CSE 421 Assignment #5
Spring 2016

Due: Friday, May 13, 2016.

Reading Assignment: Kleinberg and Tardos Chapter 7 (sections 7.1, 7.2, 7.3, 7.5, 7.6, 7.11).

Problems: (see the Grading Guidelines before answering)


  1. Kleinberg and Tardos, Chapter 6, Problem 12, pages 323-324.

  2. Kleinberg and Tardos, Chapter 6, Problem 13, page 324.

  3. When people type, they are much more likely to transpose two adjacent characters rather than insert, delete, or change them. Suppose that there is a cost 1 per transposition, cost 2 for either an insertion or deletion and cost eab with 1< eab for typing an a instead of a b. (The likelihood of a mistyped character depends on how far apart the characters are on the keyboard.) Each character can be involved in only one transposition. (For example, changin $abc$ to $bac$ costs 1 transposition, but changing it to $bca$ could not be done using two transpositions and would instead require substitutions or insertions and deletions.
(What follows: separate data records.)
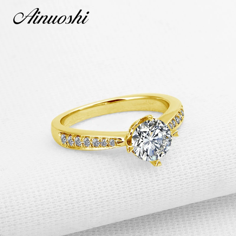 Ainuoshi 10 K Padat Kuning Emas Kuning Emas Wanita Pernikahan Cincin 1 Ct Round Cut Disimulasikan Diamond Karat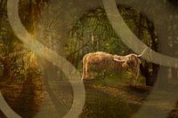 Sierlijke lijnen en batik motieven omgeven de Schotse Hooglander.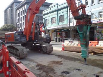 | Keywords: Jackhammer On An Excavator End.jpg jackhammer breaking the road surface in Grafton Auckland New Zealand in preparation for a new sewage pipe to go into Park Road as part of the works around the Central Connector Busway Raupenbagger gebundener Presslufthammer öffnet eine Straße in Grafton Neuseeland als Vorbereitung zur Verlegung einer neuen Abwasserleitung in der Nähe des Central Connector Busway self-photographed 2008-10 Uploader -36 8607766 174 768464 Photos taken by Ingolfson Streets in Auckland Grafton New Zealand Hydraulic jackhammers Noise pollution Hitachi Zaxis 200 Roadworks in New Zealand 2008 in New Zealand Construction vehicles in New Zealand |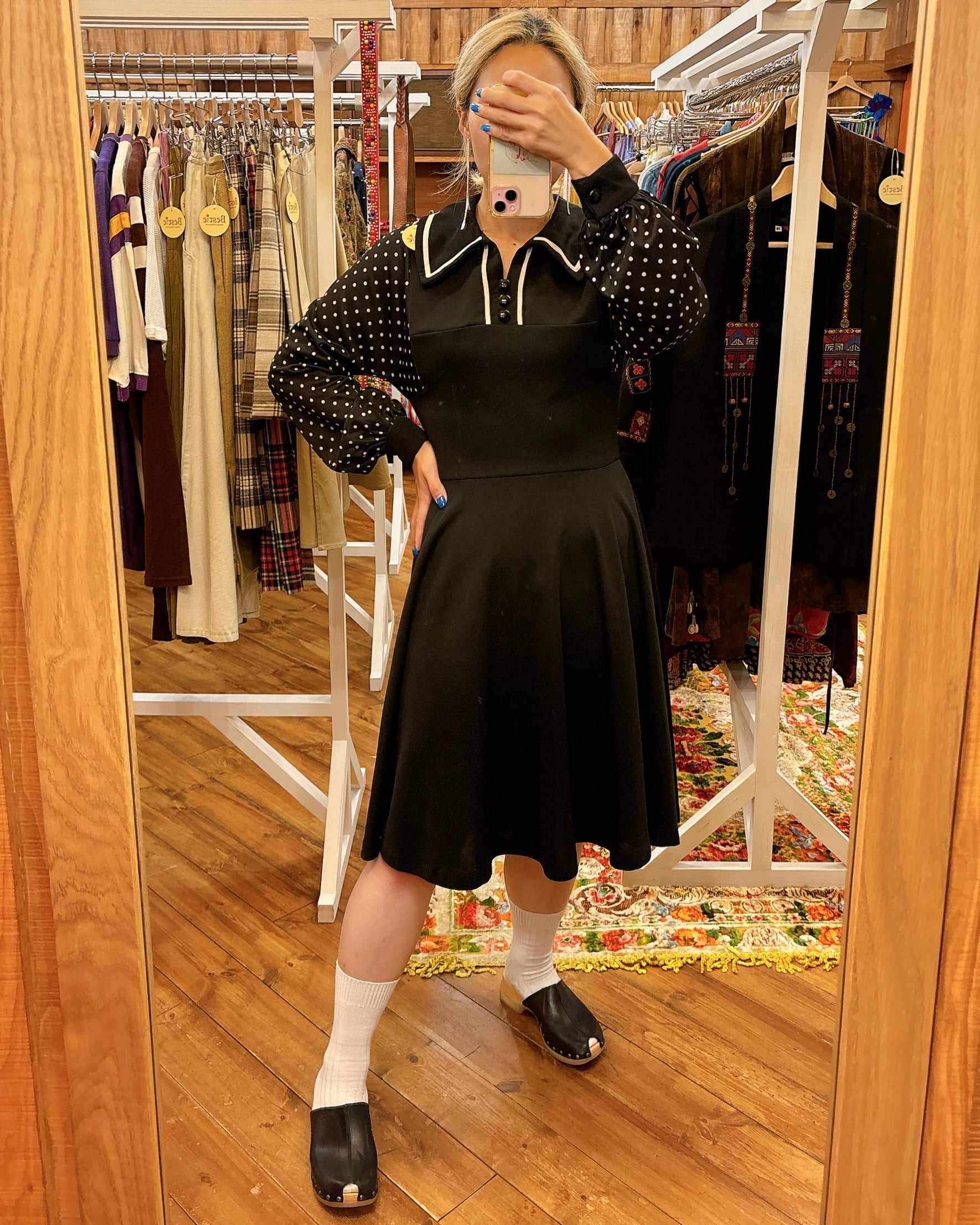 薄手のジャージ素材のような少しハリのあるポリ生地のワンピースです。えりのデザインも、少し膨らむ袖もフレアに広がるスカートもとてもかわいいです◎レトロでスポーティなニュアンスも含まれていてすごくいいと思います。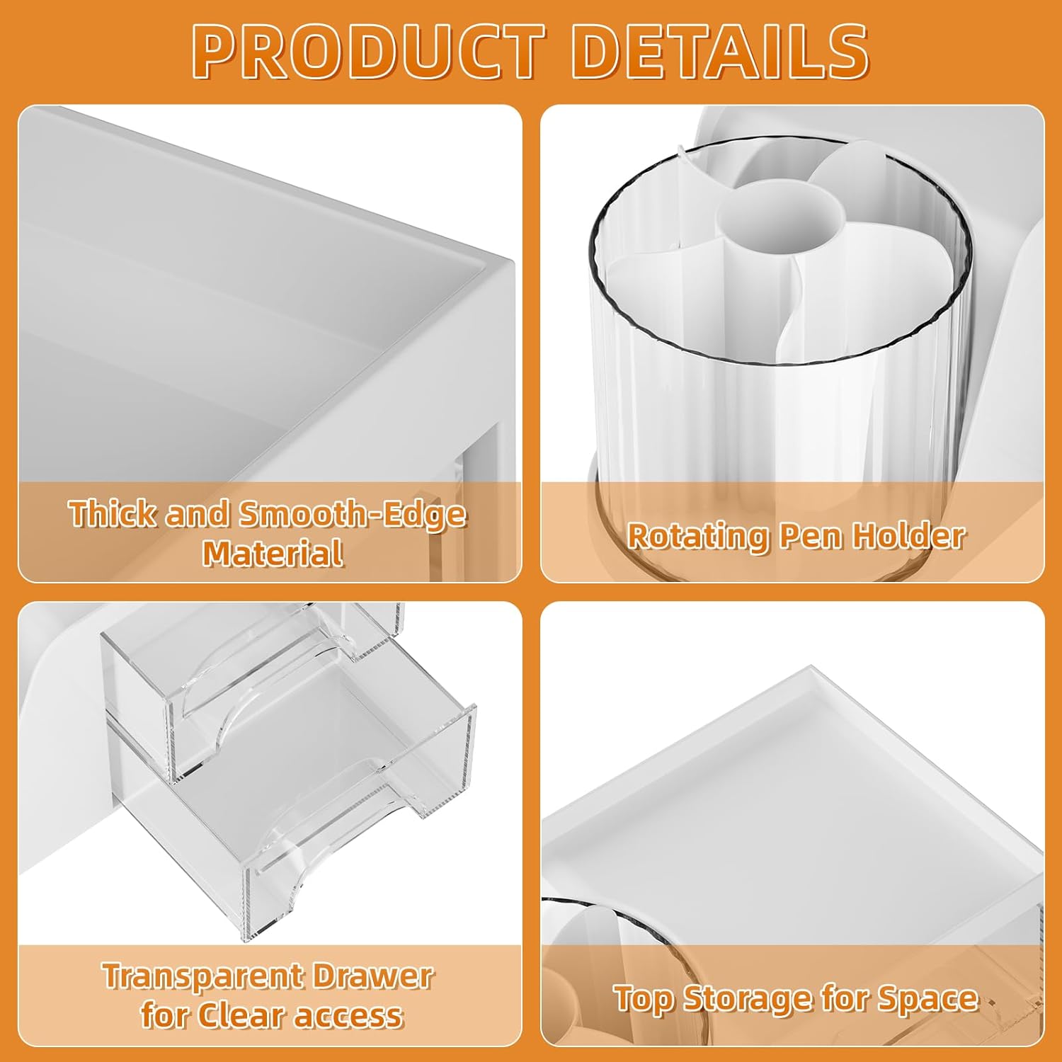 - 【Unique Design】: This desktop organizer is an all-in-one design blent rotating pen holder and drawer organizer. This gives it a more functional storage performance which is convenient for storing and organizing small items on office desks, at home, on vanity, and so on, helping you to save space, and make your desk look more neat and clean.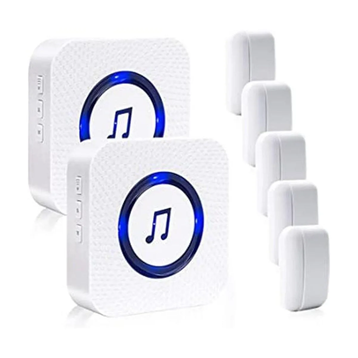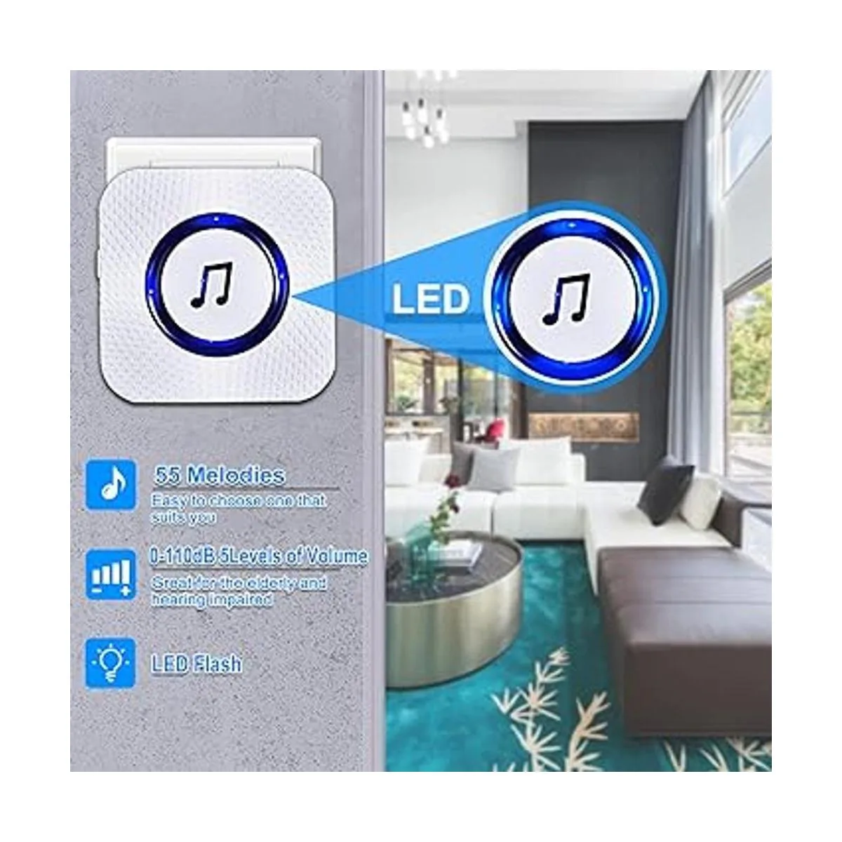 55 melodías y 5 volumen: la alarma de puerta con timbre cuenta con 15 timbres y 40 campanillas de melodía y 5 niveles de volumen ajustable 0 dB de silencio a 110 dB de sonido fuerte para ajustar, perfecto para su uso diario solo uso en interiores. Los indicadores LED son adecuados para personas mayores con discapacidad auditiva. Función de memoria: mantén la afinación anterior después de volver a conectarla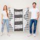 Um design de música divertida amante de teclado e piano com teclados curvos para piano à esquerda e à direita, e um design de pontuação musical no meio em preto e branco com notas de música vermelha semitransparentes Piano e partitura de música 2 piano, órgão, teclado, música, amante, clf, música, notas de música, preto, branco

Clarification: if symbols participate in a transposition then they must remain consecutive and unchanged in the modified string. Design an algorithm to compute the edit distance between two strings under this measure and determine the sequence of errors needed to achieve this distance.

  4. Kleinberg and Tardos, Chapter 7, Problem 5, page 416.

  5. Kleinberg and Tardos, Chapter 7, Problem 7, pages 417-418.

  6. Extra Credit Reminder Extra credit programming problem from Homework #4 (Due: Monday May 9).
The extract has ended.